**TASK TO COMPLETE:**
Ignoring pictures, transcribe exactly the lines between the one containing "- Creación de" and the end of the material, both included.

*** Opening of SUPPLIED INFORMATION ***

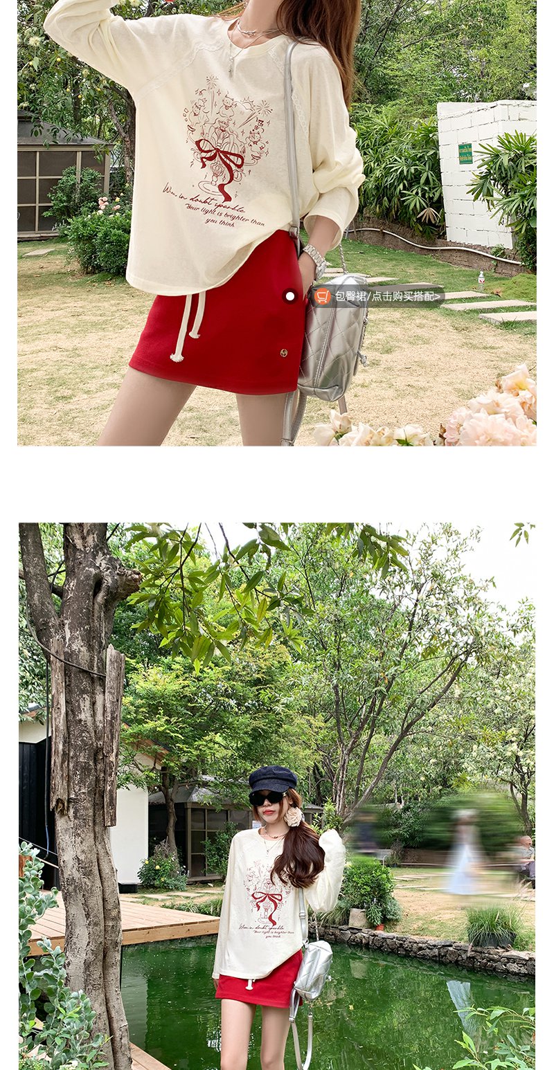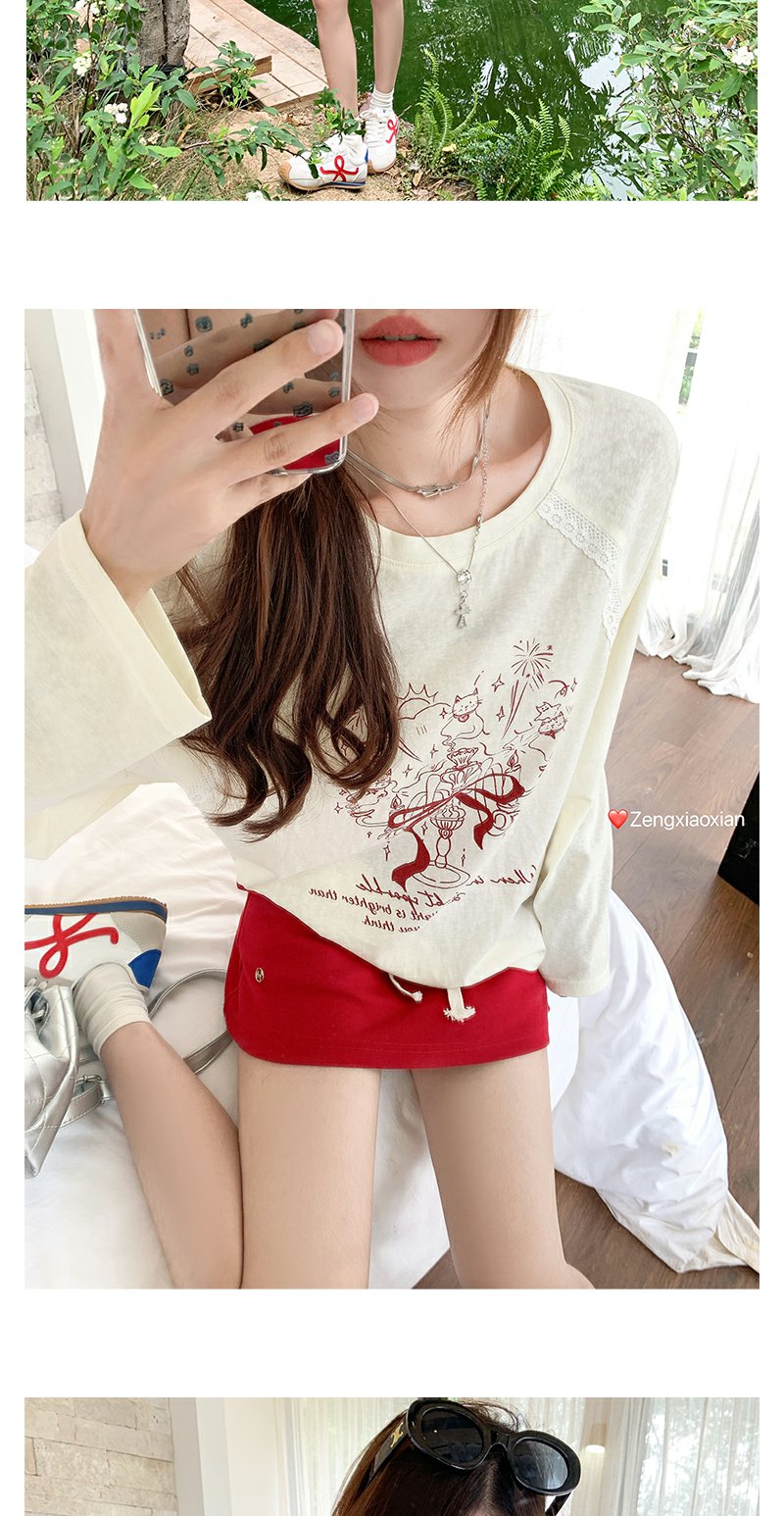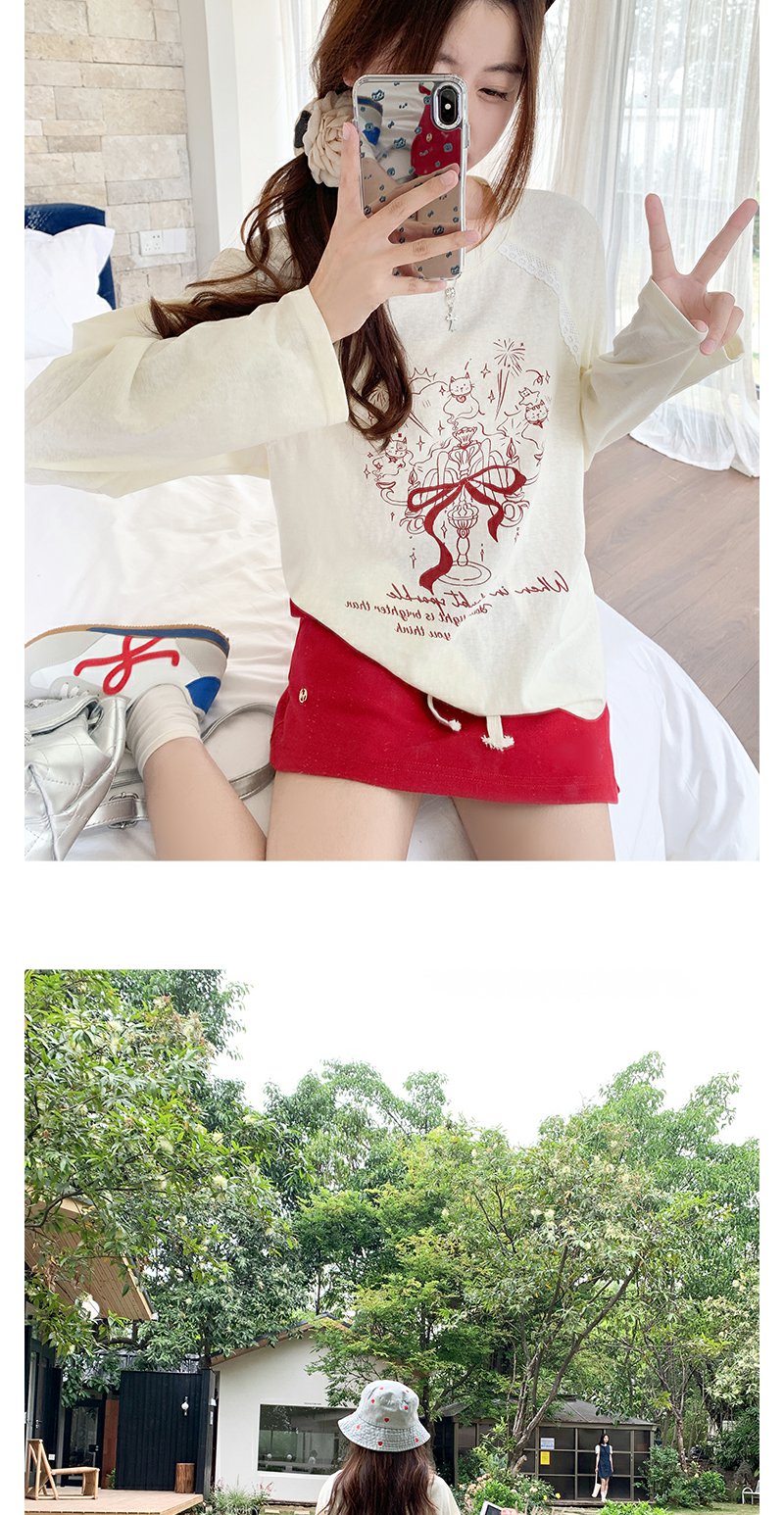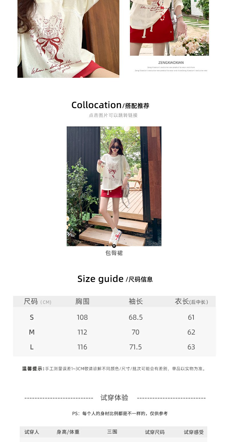 <曾小咸推荐>浅黄色红色印花宽松长袖T恤
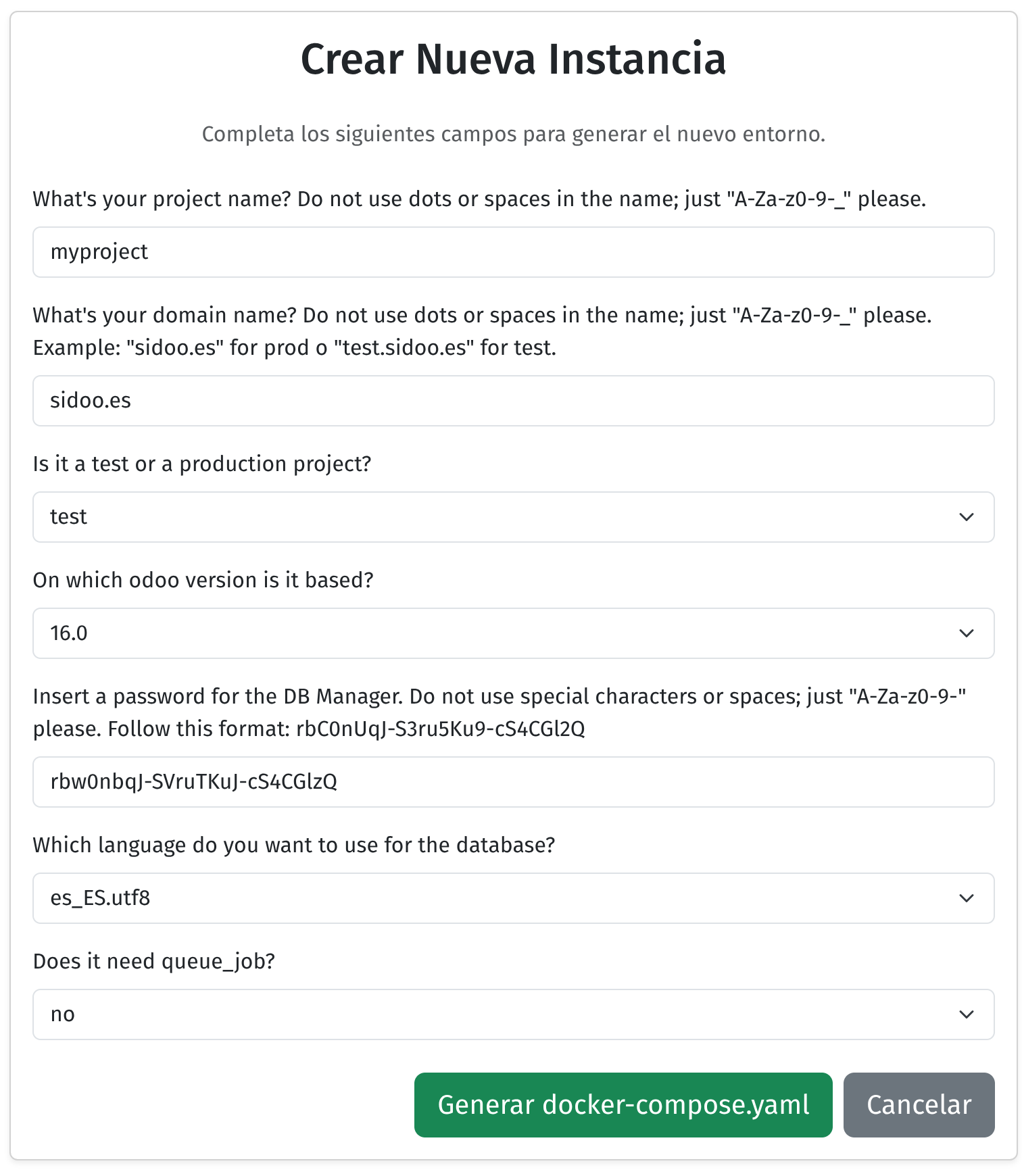- Creación de nuevas instancias a través de un formulario que solicita: nombre, URL, tipo (test/producción/pruebas), versión (de la 13 a la 18), contraseña, idioma de la base de datos y activación de queue job.
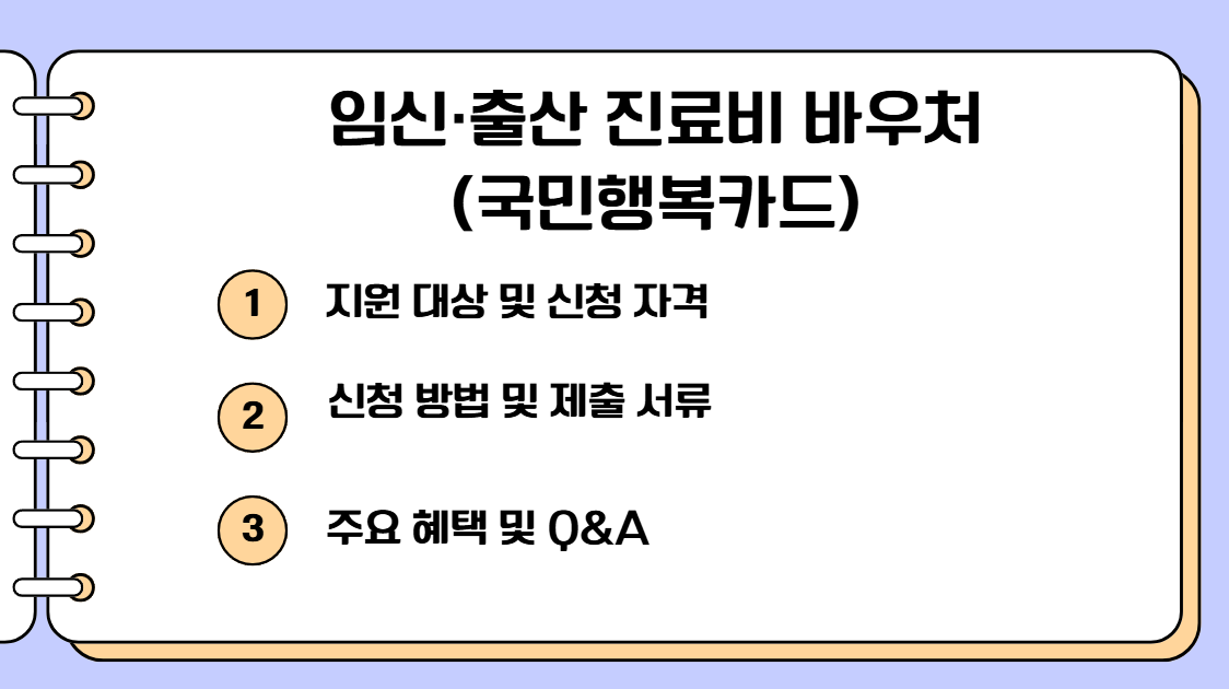 임신·출산 진료비 바우처(국민행복카드)는 임신과 출산 관련 의료비 부담을 덜어주기 위해 정부에서 지원하는 바우처 제도입니다. 임신 1회당 최대 100만 원(다태아 140만 원)을 지급하며, 지정된 의료기관에서 임신·출산 관련 의료비로 사용할 수 있습니다.
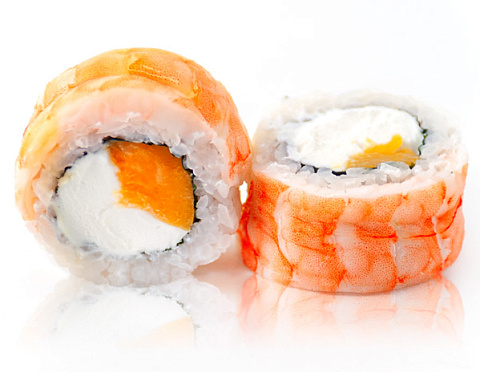 Лосось, креветка, сливочный сыр, авокадо, икра масаго

*** Close of SUPPLIED INFORMATION ***

**RESULT:**
- Creación de nuevas instancias a través de un formulario que solicita: nombre, URL, tipo (test/producción/pruebas), versión (de la 13 a la 18), contraseña, idioma de la base de datos y activación de queue job.
 임신·출산 진료비 바우처(국민행복카드)는 임신과 출산 관련 의료비 부담을 덜어주기 위해 정부에서 지원하는 바우처 제도입니다. 임신 1회당 최대 100만 원(다태아 140만 원)을 지급하며, 지정된 의료기관에서 임신·출산 관련 의료비로 사용할 수 있습니다.
 Лосось, креветка, сливочный сыр, авокадо, икра масаго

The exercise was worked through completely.